Evaluasi Pilihan Bebas (Independent Preference Evaluastion/IPE) dengan kaidah Fuzzy Group Decision Making (FGDM) yang dirancang untuk menentukan prioritas alternatif berdasar kriteria yang telah ditetapkan. Model ini pada prinsipnya dapat diaplikasikan untuk membuat prioritas alternatif komoditas/produk lebih dari 250 jenis/altenatif. Kriteria yang digunakan mampu mengakomodasi lebih dari 250 kriteria untuk masing-masing alternatif. Namun demikian, untuk menghindari kejenuhan pakar dalam proses penilaian, dalam kajian ini telah dilakukan seleksi awal terhadap komoditas/alternatif, yaitu

sebanyak 18 jenis. Seleksi awal ini dilakukan berdasarkan data produksi dan hal lain yang didiskusikan dengan pakar.

Sub Model Kelayakan. Sub Model Kelayakan ini mengintegrasikan

berbagai operasi dalam penentuan kriteria kelayakan seperti NPV, IRR, Net B/C, PBP dan BEP. Selain itu, sub model ini juga telah dilengkapi dengan operasi untuk perkiraan arus uang, analisis sensitivitas, optimasi peubah kritis dan perencanaan produksi, sehingga operasi-operasi yang cukup rumit untuk mengantisipasi resiko-resiko kelayakan dapat dilakukan dengan cepat. Sub Model ini memiliki keterbatasan, yaitu hanya dapat digunakan untuk menganalisis maksimal 4 jenis komoditas/produk, dengan struktur biaya yang telah ditentukan pada program. Oleh karena itu, pengguna yang ingin melakukan input dengan jumlah komoditas/produk lebih dari 4 jenis atau ingin melakukan perubahan dalam struktur pembiayaan, maka perlu melakukan penyesuaian dengan membuka tombol designer yang kewenangannya pada program ini ditujukan bagi pengguna berkategori tertentu sebagaimana diatur dalam program.
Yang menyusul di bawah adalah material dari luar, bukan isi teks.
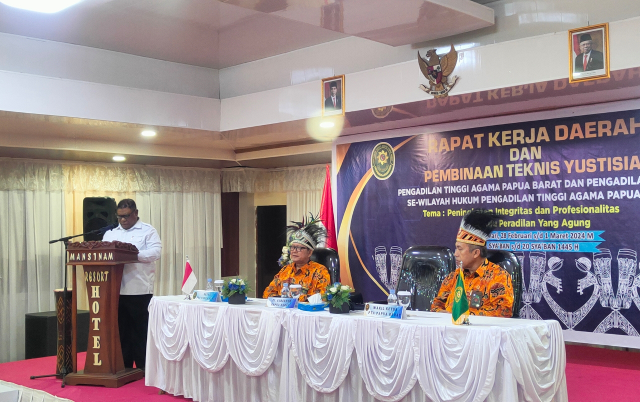 MANOKWARI - Penjabat Gubernur Papua Barat. Drs. Ali Baham Temongmere,MTP membuka Rakerda dan Pembinaan Teknik Yustisial Pengadilan Tinggi Agama Se-Papua Papua Barat. Atas nama Pemerintah mendukung dan komitmen tingkatkan sinergi demi pemenuhan hak hukum, agar selalu dapat berjalan dengan baik, Rabu (28/2/2024) dipusatkan pada salah satu hotel.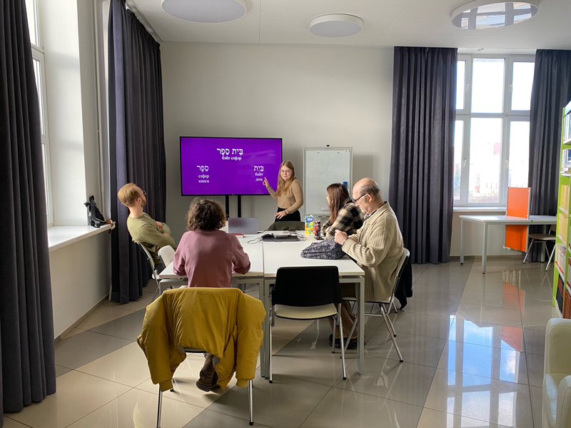 Очередная встреча участников клуба любителей иврита под руководством преподавателя была посвящена грамматическим и историческим языковым феноменам. Посредством игровой методики участники разобрали явление сопряжённых сочетаний «смихут», благодаря историческим экскурсам узнали о влиянии арамейского языка на иврит.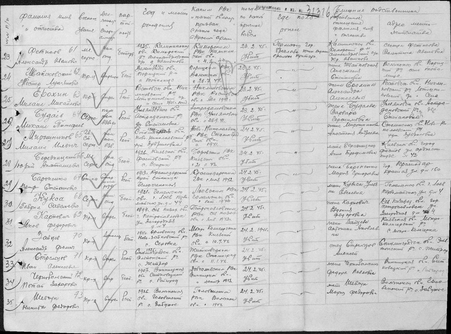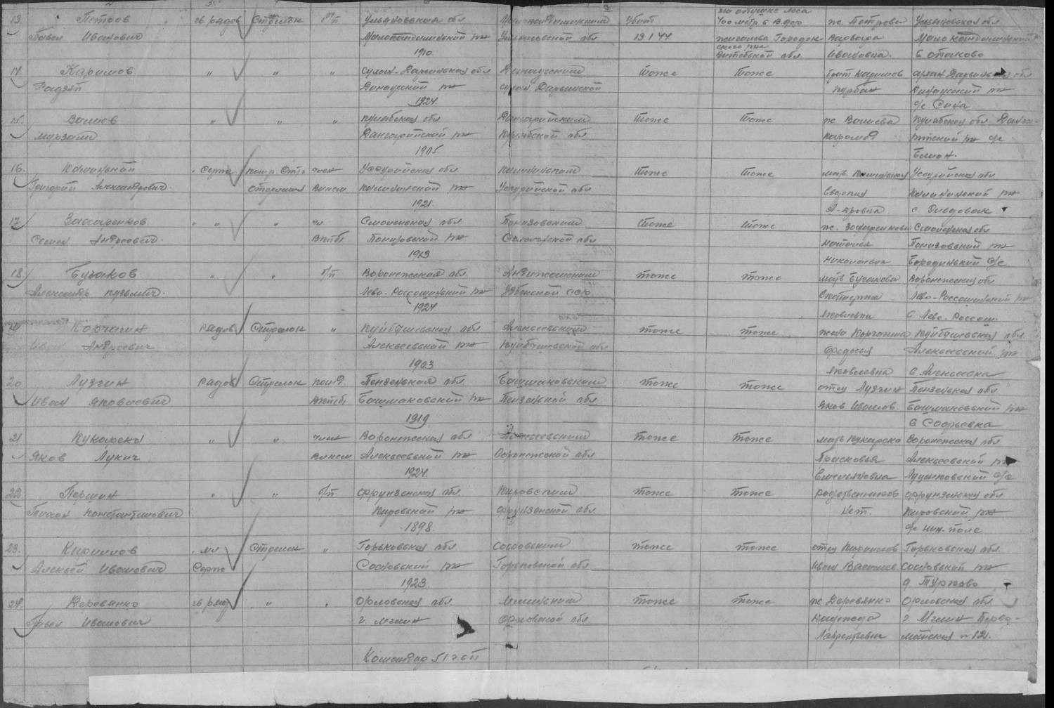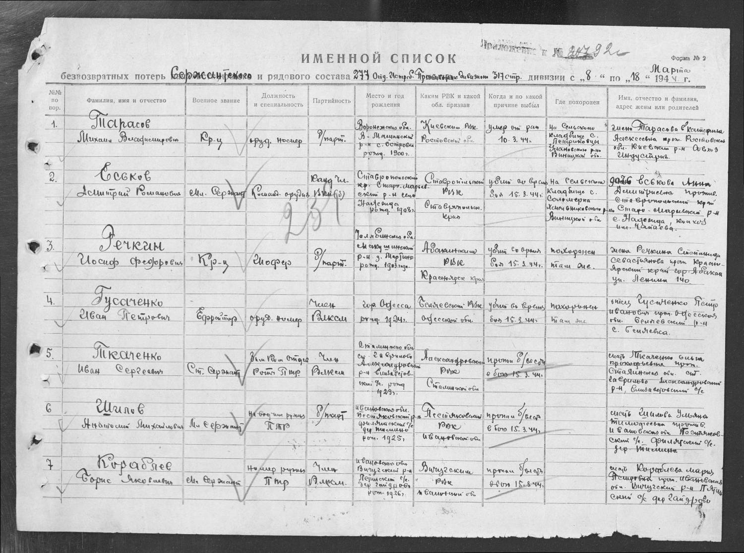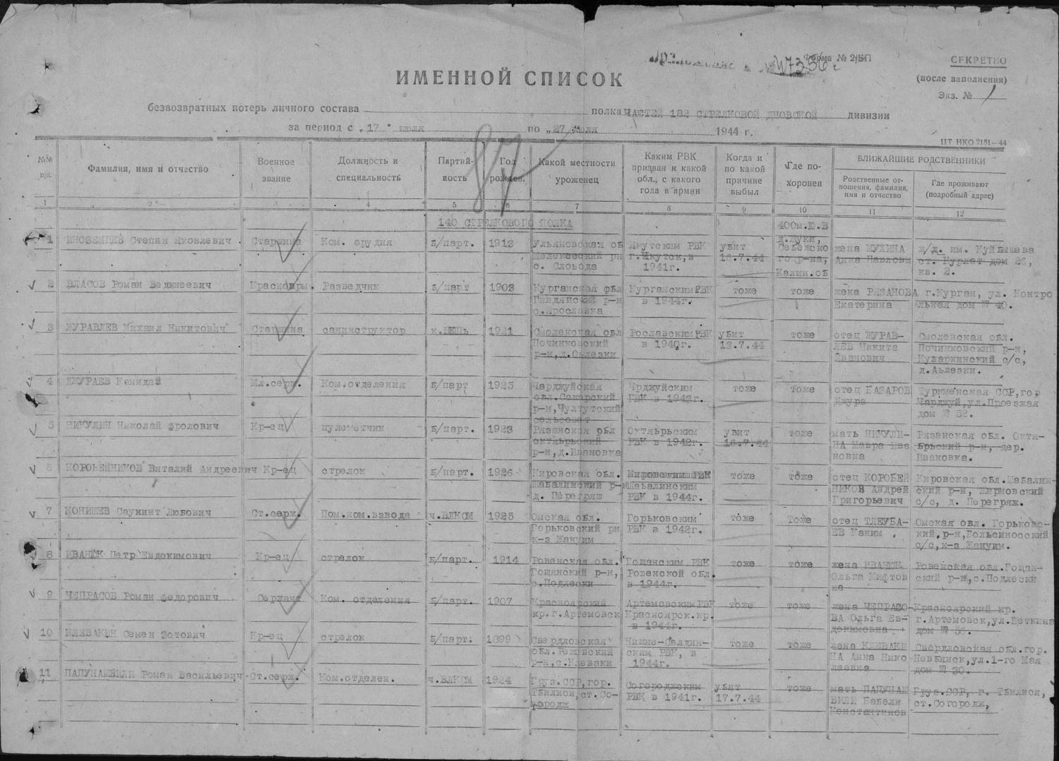 Vnuchka8139, Фамилия Корчагин Имя Иван Отчество Андреевич Дата рождения/Возраст __.__.1903 Место рождения Куйбышевская обл., Алексеевский р-н Дата и место призыва Алексеевский РВК, Куйбышевская обл., Алексеевский р-н Последнее место службы 18 Гв. сд Воинское звание рядовой Причина выбытия убит Дата выбытия 13.01.1944 Название источника информации ЦАМО Номер фонда источника информации 58 Номер описи источника информации 18002 Номер дела источника информации 1196

Sub Model Strategi. Sub Model Strategi dirancang dengan menggunakan

metode Analytical Hierarchy Process (AHP). Pengguna dapat melakukan input hirarki dan elemen, sehingga keseluruhannya berjumlah lebih dari 250 elemen. Hirarki yang terlalu panjang atau elemen yang terlalu banyak dapat menimbulkan kejenuhan dalam proses penilaian. Untuk itu, diperlukan seleksi awal terhadap elemen-elemen penting di masing-masing hirarki yang dapat dilakukan melalui grup diskusi atau metode OWA Operator.
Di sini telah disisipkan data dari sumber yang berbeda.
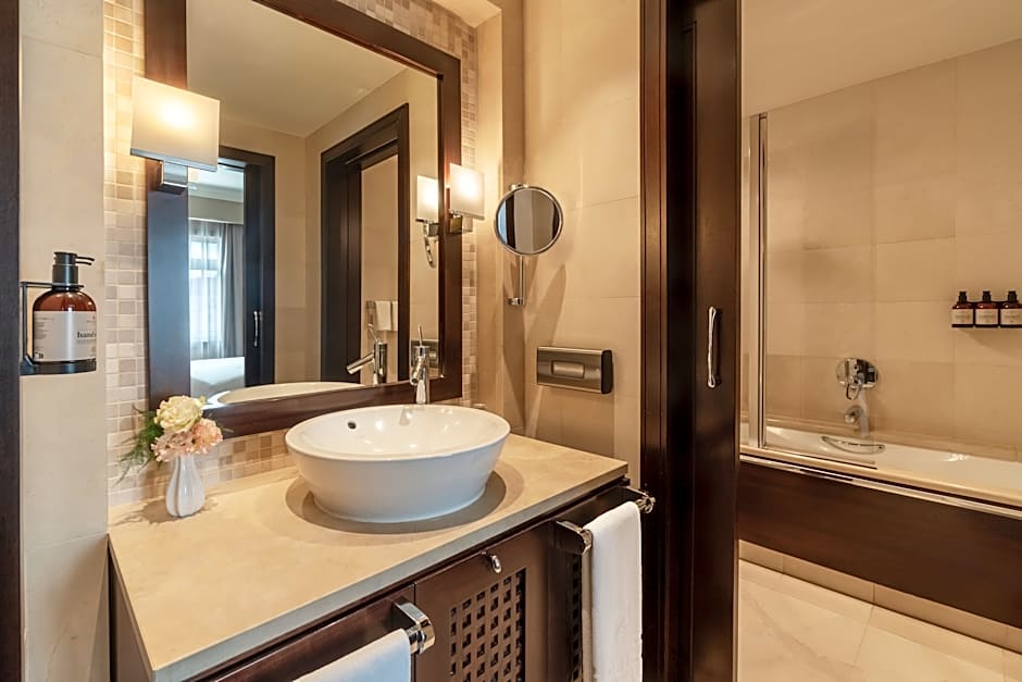Guests will have a special experience as this double room provides a hot tub. Offering free toiletries and bathrobes, this double room includes a private bathroom with a bath, a bidet and a hairdryer. The spacious air-conditioned double room offers a flat-screen TV with satellite channels, soundproof walls, a tea and coffee maker, a wardrobe as well as city views.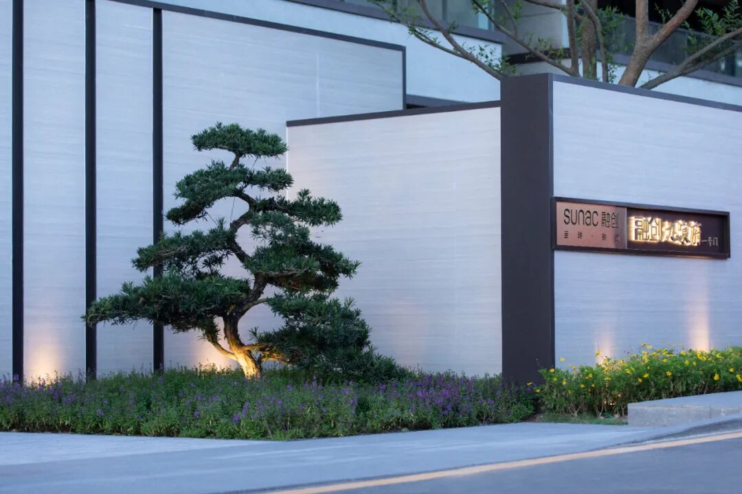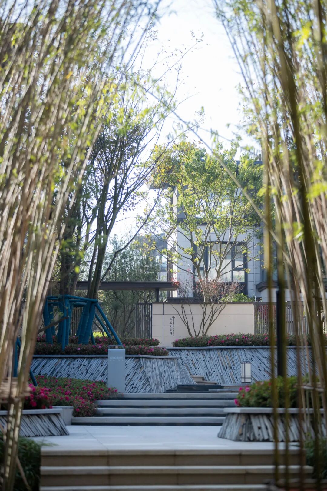 迎宾夹道端视线连接的是一面景墙与花境组团,设计在有限的空间里做足精细景观,注重归家仪式的同时烘托归家的温馨氛围。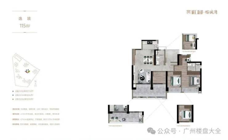 建面约97㎡,江园双景臻席,不仅能欣赏花地湾江面卓绝风光,还能俯瞰榕诚公园,以及GVL怡境国际匠心打造的“山林麓畔 隐翠森居”主题大师园林,LDK餐客厨一体设计,约6.5米宽境阳台。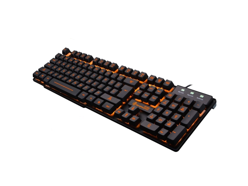 Геймърска клавиатура с кехлибарена подсветкаУстойчива срещу водни пръски104 бутонаUSB свързванеЛазерно гравирани клавиши

Sub Model Kelembagaan. Sub Model Kelembagaan dirancang dengan

metode Intepretative Structural Modelling (ISM) dan digunakan untuk melakukan identifikasi struktur elemen (unsur) dalam sistem. Penetapan elemen yang mengacu pada rumusan Saxena dalam Eriyatno (1999) meliputi 9 elemen, tetapi pada penelitian ini hanya dikaji 5 elemen, yaitu pelaku/lembaga yang terlibat dalam pengembangan, kebutuhan dari program, kendala, tolok ukur untuk menilai pencapaian tujuan dan aktivitas yang dibutuhkan guna perencanaan tindakan. Hal

ini didasarkan pada pertimbangan rasional dan kemudahan operasional dalam pengelolaan kelembagaan yang terkait dengan industrialisasi di sektor perikanan, terutama pelaku usaha/investor dan pemerintah daerah dalam proses pengambilan keputusan berusaha dan pengembangan wilayah.
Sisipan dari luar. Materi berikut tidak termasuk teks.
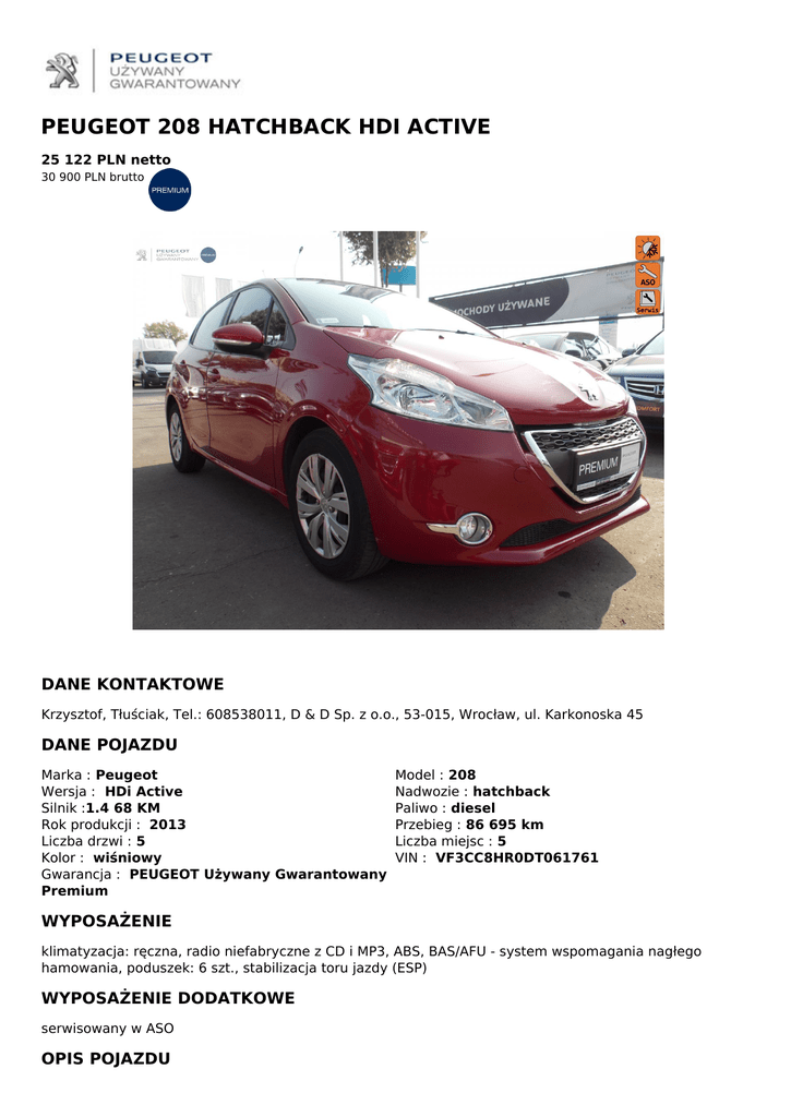 PEUGEOT 208 HATCHBACK HDI ACTIVE 25 122 PLN netto 30 900 PLN brutto DANE KONTAKTOWE Krzysztof, Tłuściak, Tel.: 608538011, D & D Sp. z o.o., 53-015, Wrocław, ul. Karkonoska 45 DANE POJAZDU Marka : Peugeot Wersja : HDi Active Silnik :1.4 68 KM Rok produkcji : 2013 Liczba drzwi : 5 Kolor : wiśniowy Gwarancja : PEUGEOT Używany Gwarantowany Premium Model : 208 Nadwozie : hatchback Paliwo : diesel Przebieg : 86 695 km Liczba miejsc : 5 VIN : VF3CC8HR0DT061761 WYPOSAŻENIE klimatyzacja: ręczna, radio niefabryczne z CD i MP3, ABS, BAS/AFU - system wspomagania nagłego hamowania, poduszek: 6 szt., stabilizacja toru jazdy (ESP) WYPOSAŻENIE DODATKOWE serwisowany w ASO OPIS POJAZDU PAKIET KORZYŚCI: Dlaczego warto kupić auto w D&D PEUGEOT UŻYWANY GWARANTOWANY: -Bo jesteśmy liderem w sprzedaży samochodów Peugeot Używany Gwarantowany na DOLNYM ŚLĄSKU -Dokładnie sprawdzamy stan techniczny, -W każdym samochodzie GWARANTUJEMY przebieg, -Na fakturze sprzedaży zawsze wpisujemy przebieg i wystawiamy na pełną wartość auta -Auto zawsze posiada aktualne badanie techniczne i ważne ubezpieczenie OC -Klient zawsze otrzymuje komplet dokumentów do rejestracji -Gwarantujemy jazdę próbną i profesjonalną obsługą -Dla nas najważniejszy jest Klient KREDYT- dla osób fizycznych i firm do 84 miesięcy, kredyt do 100% wartości auta LEASING – minimalne wpłaty, wykup 1%, od 24-84 miesięcy UBEZPIECZENIA- atrakcyjne PAKIETY DEALERSKIE ODKUPUJEMY SAMOCHODY WSZYSTKICH MAREK ZA GOTÓWKE, ROZLICZAMY BEZGOTÓWKOWO PRZY ZAKUPIE AUTA UŻYWANEGO LUB NOWEGO. Niniejsze ogłoszenie nie stanowi oferty handlowej w myśl art.66, paragraf 1.Kodeksu Cywilnego. Sprzedawca nie odpowiada za ewentualne błędy lub nieaktualność ogłoszenia Fotel kierowcy z mech. regulacją wysokości, ESP - system stabilizacji toru jazdy, AFU - system wspomagania hamowania, Automatyczna blokada drzwi podczas jazdy, Elektryczne podnoszenie szyb, przód, Komputer pokładowy, Klamki zewnętrzne w kolorze nadwozia, Gniazdo 12V, Światła przeciwmgielne, Światła do jazdy dziennej, Wspomaganie układu kierowniczego, Zamek centralny z pilotem, Zagłówki przednie i tylne z regulacją wysokości, Tempomat z organicznikiem prędkości, Wycieraczka szyby tylnej, WIP Sound: Radio CD z MP3, gniazdo AUX, 4 głośniki, sterowanie z kierownicy, Tapicerka materiałowa, Szyby barwione, Tylne oparcie składane, dzielone, Uchwyty na kubki w konsoli środkowej, Uchwyty ISOFIX do mocowania fotelika dziecięcego - tył, Szyba tylna ogrzewana, Pasy bezpieczeństwa z napinaczami - tył, Lusterka boczne ze zintegrowanymi kierunkowskazami, regulowane elektrycznie i ogrzewane, Schowek w desce rozdzielczej przed pasażerem, zamykany, podświetlany, Lusterka boczne w kolorze nadwozia, Pasy bezpieczeństwa przednie z napinaczami, ogranicznikami napięcia i regulacja wysokości mocowania, Oświetlenie bagażnika, Lakier uni, Koło zapasowe pełnowymiarowe, Kontrolki zapięcia pasów bezpieczeństwa dla wszystkich miejsc z funkcją ostrzegania o odpięciu pasów, Klimatyzacja, Immobilizer, Kolumna kierownicy z regulacją w dwóch płaszczyznach, Klamki wewnętrzne chromowane, Felgi stalowe 15 z ogumieniem 185/65, Airbag 6 sztuk: poduszki powietrzne czołowe i boczne dla kierowcy i pasażera, kurtyny powietrzne, ABS, Alarm, Lakier metalik Pierwszy właściciel, Kupiony w ASO w Polsce, Pojazd regularnie serwisowany, samochód sprzedawany z 12 miesięczną gwarancją PUG Samochód sprzedawany w programie PEUGEOT Używany Gwarantowany PREMIUM: Roczna Gwarancja Umowna Certyfikat Jakości Pojazdu Dekra Opieka Peugeot Assitance Specjalna Oferta Ubezpieczeniowa Specjalna Oferta Finansowania Zakupu Wymiana w 30 Dni Dowiedz się więcej na : http://www.UzywanyGwarantowany.pl QR CODE DLA OGŁOSZENIA W SERWISIE UZYWANYGWARANTOWANY.PL Powered by TCPDF (www.tcpdf.org)

Sistem Informasi Agroindustri Perikanan Laut Provinsi Jawa Tengah. Pada bagian ini pengguna dapat memperoleh beberapa informasi

mengenai gambaran umum Provinsi Jawa Tengah dan Kabupaten/Kota yang memiliki potensi perikanan laut, produksi perikanan tangkap menurut jenis ikan dan Kabupaten/Kota, kependudukan, sarana dan prasarana, serta data lain yang terkait dengan agroindustri perikanan laut.